**Task brief:** Transcribe, starting at the line with "现代轻奢卧室3D模型下载" and ending at the line with "Entire roofs ripped", every line of the material below exactly, but leave out the pictures and anything outside that span.

**** Material shown ****

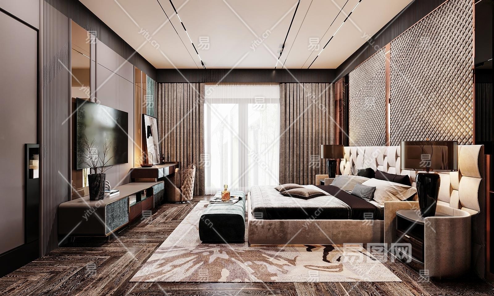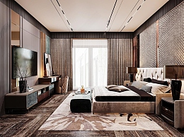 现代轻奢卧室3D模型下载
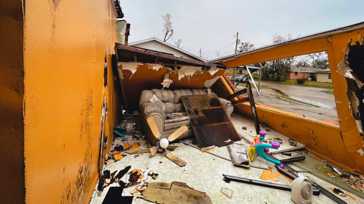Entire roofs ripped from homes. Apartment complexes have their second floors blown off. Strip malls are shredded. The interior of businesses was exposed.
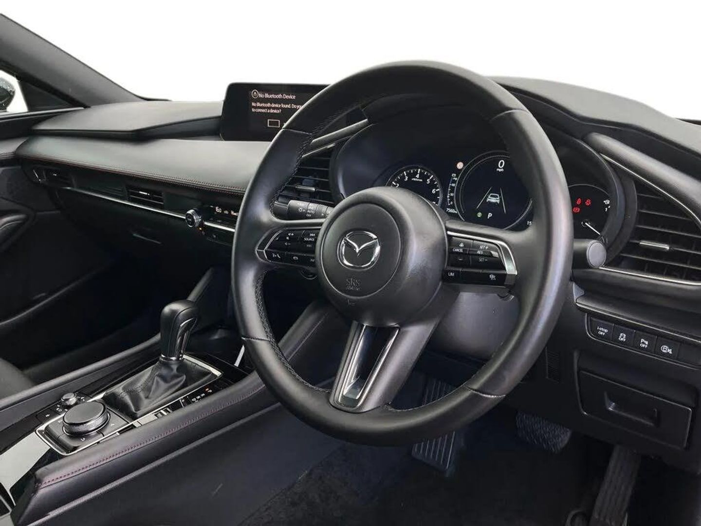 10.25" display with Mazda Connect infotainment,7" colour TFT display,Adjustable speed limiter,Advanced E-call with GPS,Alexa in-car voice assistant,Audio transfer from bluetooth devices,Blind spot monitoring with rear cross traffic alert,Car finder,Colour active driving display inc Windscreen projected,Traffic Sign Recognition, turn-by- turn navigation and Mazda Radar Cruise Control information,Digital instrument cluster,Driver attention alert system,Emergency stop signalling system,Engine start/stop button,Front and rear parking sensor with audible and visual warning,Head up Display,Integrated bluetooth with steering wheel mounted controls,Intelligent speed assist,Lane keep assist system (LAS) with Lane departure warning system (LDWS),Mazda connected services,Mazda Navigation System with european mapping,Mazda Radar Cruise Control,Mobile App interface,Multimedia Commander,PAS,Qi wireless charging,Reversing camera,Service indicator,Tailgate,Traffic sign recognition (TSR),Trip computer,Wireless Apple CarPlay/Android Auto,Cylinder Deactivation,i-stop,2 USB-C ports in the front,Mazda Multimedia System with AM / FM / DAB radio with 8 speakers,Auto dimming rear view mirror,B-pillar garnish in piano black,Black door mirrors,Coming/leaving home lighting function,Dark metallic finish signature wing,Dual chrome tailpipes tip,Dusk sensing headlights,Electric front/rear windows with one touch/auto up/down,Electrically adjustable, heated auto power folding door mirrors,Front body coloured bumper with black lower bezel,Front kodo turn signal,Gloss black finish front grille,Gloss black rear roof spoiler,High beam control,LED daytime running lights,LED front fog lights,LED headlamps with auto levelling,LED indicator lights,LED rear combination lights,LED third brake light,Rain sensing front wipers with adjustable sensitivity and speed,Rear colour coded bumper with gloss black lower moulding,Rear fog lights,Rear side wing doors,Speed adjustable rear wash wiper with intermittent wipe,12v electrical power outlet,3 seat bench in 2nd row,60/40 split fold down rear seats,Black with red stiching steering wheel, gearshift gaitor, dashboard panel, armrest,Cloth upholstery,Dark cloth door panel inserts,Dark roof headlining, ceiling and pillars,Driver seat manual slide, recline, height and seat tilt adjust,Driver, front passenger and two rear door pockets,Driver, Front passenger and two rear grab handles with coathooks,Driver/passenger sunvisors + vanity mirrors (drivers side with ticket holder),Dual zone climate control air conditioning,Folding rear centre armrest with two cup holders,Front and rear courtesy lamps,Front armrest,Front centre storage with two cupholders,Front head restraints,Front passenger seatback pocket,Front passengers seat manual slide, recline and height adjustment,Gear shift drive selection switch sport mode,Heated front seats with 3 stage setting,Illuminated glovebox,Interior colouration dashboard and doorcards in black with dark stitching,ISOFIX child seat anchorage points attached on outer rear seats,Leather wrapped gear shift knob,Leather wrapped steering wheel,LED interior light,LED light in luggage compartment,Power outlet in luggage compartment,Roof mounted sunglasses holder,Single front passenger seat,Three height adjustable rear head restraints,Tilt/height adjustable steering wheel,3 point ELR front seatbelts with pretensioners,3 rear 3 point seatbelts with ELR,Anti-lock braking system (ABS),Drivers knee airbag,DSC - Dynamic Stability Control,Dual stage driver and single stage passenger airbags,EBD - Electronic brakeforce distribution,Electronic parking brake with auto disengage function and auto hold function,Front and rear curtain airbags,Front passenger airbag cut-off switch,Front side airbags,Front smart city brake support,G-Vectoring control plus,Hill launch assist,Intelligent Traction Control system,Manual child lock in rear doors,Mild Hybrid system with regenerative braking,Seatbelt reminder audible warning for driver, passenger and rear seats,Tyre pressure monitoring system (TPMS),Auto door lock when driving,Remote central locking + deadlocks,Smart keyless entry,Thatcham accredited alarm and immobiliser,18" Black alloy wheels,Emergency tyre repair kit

****
**** Material shown ****

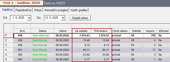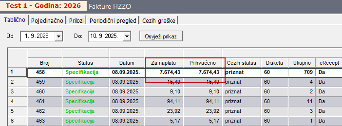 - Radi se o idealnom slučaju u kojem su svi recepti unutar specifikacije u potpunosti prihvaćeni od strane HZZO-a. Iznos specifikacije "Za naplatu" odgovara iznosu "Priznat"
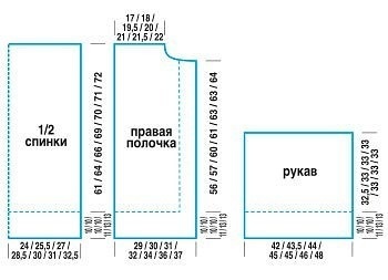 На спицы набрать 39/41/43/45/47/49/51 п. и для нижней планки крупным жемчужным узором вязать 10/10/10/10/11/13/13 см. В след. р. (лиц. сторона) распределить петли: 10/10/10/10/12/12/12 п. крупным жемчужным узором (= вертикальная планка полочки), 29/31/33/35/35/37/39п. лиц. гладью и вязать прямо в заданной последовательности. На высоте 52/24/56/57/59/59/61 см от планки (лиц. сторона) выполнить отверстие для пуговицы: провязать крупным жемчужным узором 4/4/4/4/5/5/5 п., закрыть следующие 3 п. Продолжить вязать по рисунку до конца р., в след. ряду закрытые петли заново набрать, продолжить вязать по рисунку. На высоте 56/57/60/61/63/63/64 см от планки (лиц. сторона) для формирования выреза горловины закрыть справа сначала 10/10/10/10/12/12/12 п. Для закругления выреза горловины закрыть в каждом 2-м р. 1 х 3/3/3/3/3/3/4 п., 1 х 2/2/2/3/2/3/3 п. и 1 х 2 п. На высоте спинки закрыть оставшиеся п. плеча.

****

**Solution for this problem:**
 现代轻奢卧室3D模型下载
Entire roofs ripped from homes. Apartment complexes have their second floors blown off. Strip malls are shredded. The interior of businesses was exposed.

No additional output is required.